• Task directions: Would you write out the entries that follow word for word, omitting any images?

Start of Data shown

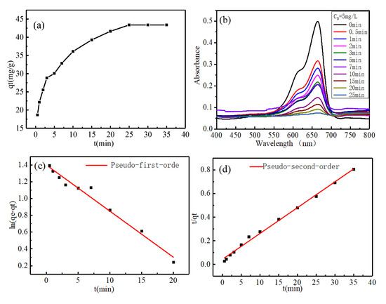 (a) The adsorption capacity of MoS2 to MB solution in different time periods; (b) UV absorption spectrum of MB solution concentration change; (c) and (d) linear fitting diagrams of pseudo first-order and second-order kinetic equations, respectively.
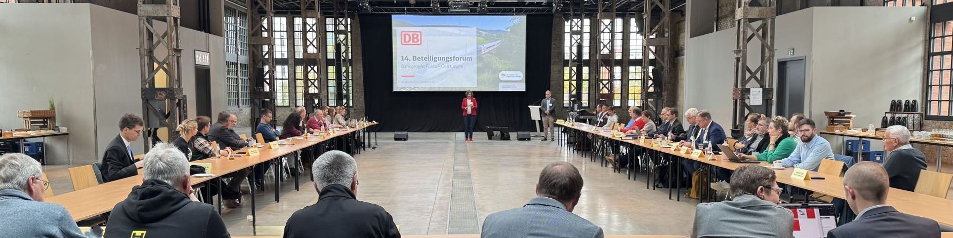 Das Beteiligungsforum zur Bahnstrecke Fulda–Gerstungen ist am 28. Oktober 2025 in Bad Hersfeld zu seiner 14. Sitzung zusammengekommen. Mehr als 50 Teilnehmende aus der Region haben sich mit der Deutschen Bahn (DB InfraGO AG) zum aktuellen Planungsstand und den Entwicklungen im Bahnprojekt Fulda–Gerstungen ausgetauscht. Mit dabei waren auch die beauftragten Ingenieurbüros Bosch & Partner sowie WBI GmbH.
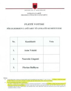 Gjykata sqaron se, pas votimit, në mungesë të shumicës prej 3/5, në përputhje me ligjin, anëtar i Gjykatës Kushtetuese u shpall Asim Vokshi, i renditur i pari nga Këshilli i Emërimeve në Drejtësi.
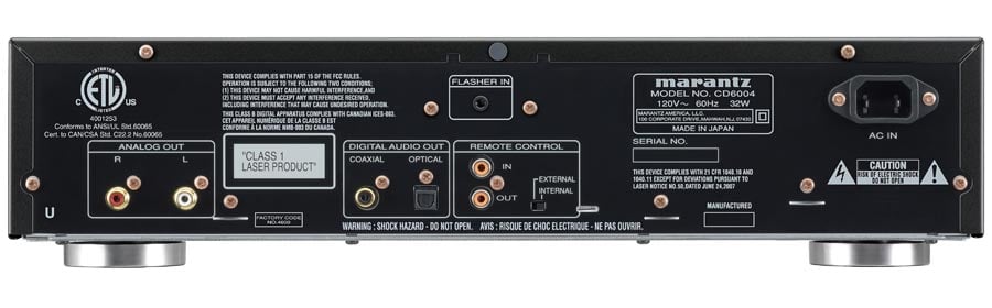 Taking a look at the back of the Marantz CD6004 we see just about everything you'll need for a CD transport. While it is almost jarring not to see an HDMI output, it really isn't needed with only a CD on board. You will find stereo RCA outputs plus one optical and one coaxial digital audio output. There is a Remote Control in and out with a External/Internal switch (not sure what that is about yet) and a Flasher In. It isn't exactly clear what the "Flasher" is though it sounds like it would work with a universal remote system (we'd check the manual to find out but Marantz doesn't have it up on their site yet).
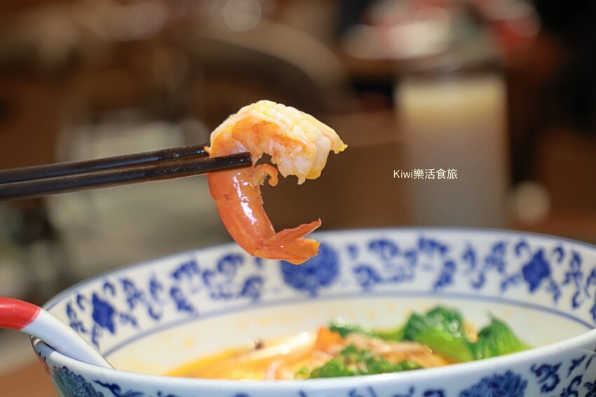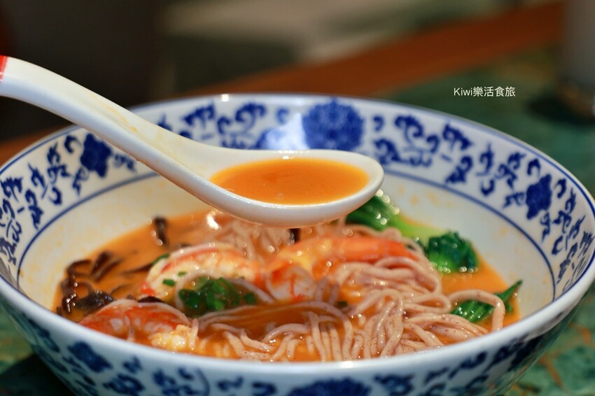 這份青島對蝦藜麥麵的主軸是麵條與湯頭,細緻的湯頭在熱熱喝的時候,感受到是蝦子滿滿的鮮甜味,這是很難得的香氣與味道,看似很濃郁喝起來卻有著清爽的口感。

End of Data shown

• Written answer:
 (a) The adsorption capacity of MoS2 to MB solution in different time periods; (b) UV absorption spectrum of MB solution concentration change; (c) and (d) linear fitting diagrams of pseudo first-order and second-order kinetic equations, respectively.
 Das Beteiligungsforum zur Bahnstrecke Fulda–Gerstungen ist am 28. Oktober 2025 in Bad Hersfeld zu seiner 14. Sitzung zusammengekommen. Mehr als 50 Teilnehmende aus der Region haben sich mit der Deutschen Bahn (DB InfraGO AG) zum aktuellen Planungsstand und den Entwicklungen im Bahnprojekt Fulda–Gerstungen ausgetauscht. Mit dabei waren auch die beauftragten Ingenieurbüros Bosch & Partner sowie WBI GmbH.
 Gjykata sqaron se, pas votimit, në mungesë të shumicës prej 3/5, në përputhje me ligjin, anëtar i Gjykatës Kushtetuese u shpall Asim Vokshi, i renditur i pari nga Këshilli i Emërimeve në Drejtësi.
 Taking a look at the back of the Marantz CD6004 we see just about everything you'll need for a CD transport. While it is almost jarring not to see an HDMI output, it really isn't needed with only a CD on board. You will find stereo RCA outputs plus one optical and one coaxial digital audio output. There is a Remote Control in and out with a External/Internal switch (not sure what that is about yet) and a Flasher In. It isn't exactly clear what the "Flasher" is though it sounds like it would work with a universal remote system (we'd check the manual to find out but Marantz doesn't have it up on their site yet).
 這份青島對蝦藜麥麵的主軸是麵條與湯頭,細緻的湯頭在熱熱喝的時候,感受到是蝦子滿滿的鮮甜味,這是很難得的香氣與味道,看似很濃郁喝起來卻有著清爽的口感。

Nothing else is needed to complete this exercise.